Через две недели отец прервал свое наказующее молчание, заявив:
– Помни о том, что ты немец. На тебя свысока смотрит Дюрер! – И он указал на стену, где красовалась гравюра – автопортрет Дюрера с длинными волосами.
Похоже, лик Дюрера был своего рода эрзацем, поскольку отец не очень-то жаловал Иисуса.
То, что моим обучением занимались три частных преподавателя, само по себе было кошмарно и невероятно скучно. Но в довершение к этому отец задался целью уберечь меня от вступления в Гитлерюгенд,[3]

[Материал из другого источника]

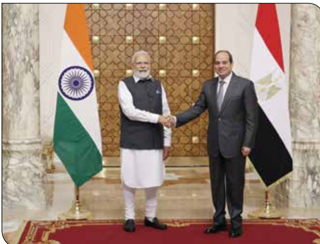
काहिरा (मिस्र) में 25 जून, 2023 को मिस्र के राष्ट्रपति श्री अब्देल फतह अल-सिसी से मुलाकात करते प्रधानमंत्री श्री नरेन्द्र मोदी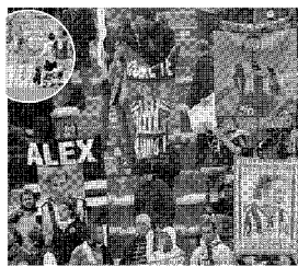
Chioschi con i colori di San Luca. In alto: i tifosi bolognesi in curva. A destra: un tifoso con la maglia della Juve

C he la tessera del tifoso abbia creato più guai che benefici è ormai un'affermazione che l'opinione pubblica ha consolidato. Ora, per evitare che si ripetano fattacci (non inediti in Italia quest'anno) come quello di domenica nella curva San Luca, non resta che appellarsi alle società e alle Questure. A Bologna si cerchi in ogni modo di evitare distrazioni nei controlli e contatti fra i tifosi: è paradossale, ma se non si può impedire agli ultras rivali di entrare in San Luca, almeno si tuteli il tifoso «normale». Nelle partite a rischio, si raddoppi l'attenzione per dimezzare il danno. (d.l.)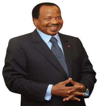
S.E.M Paul BIYA Président de la République Chef des Forces Armées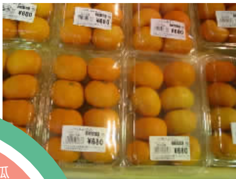
一盒橘子要48.7元人民币。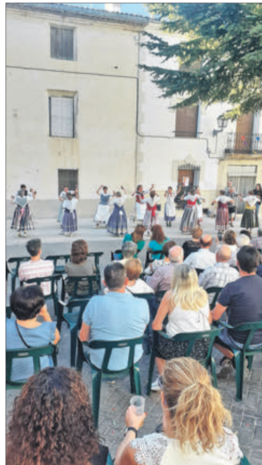
Les festes de 2023 seran recordades durant molt de temps a Benifallim.

не интересуясь моим мнением и не объясняя причин.– Ты догадываешься, что я вынужден предпринять, чтобы оградить тебя от этого?
Как истинный патриот, я страшно забунтовал. Я так мечтал стать членом Юнгфолька,[4]
спать в палатке, «утром в песне чтоб сливались голоса, гордо флаг нести сквозь чащу, сквозь Вотановы леса[5]». И чтобы у меня был ноле туриста.– Но я хочу туда! Все давно уже там!
Спорить было бесполезно. Отец вытолкал меня из комнаты в объятия матушки, которая строго-настрого велела мне помалкивать, ведь деваться некуда, от судьбы не уйдешь, и никакие мои доводы и поступки не могут повлиять на решение однажды принятое отцом.
– Можешь мне поверить, – постоянно повторяла она. – Я знакома с ним дольше, чем ты…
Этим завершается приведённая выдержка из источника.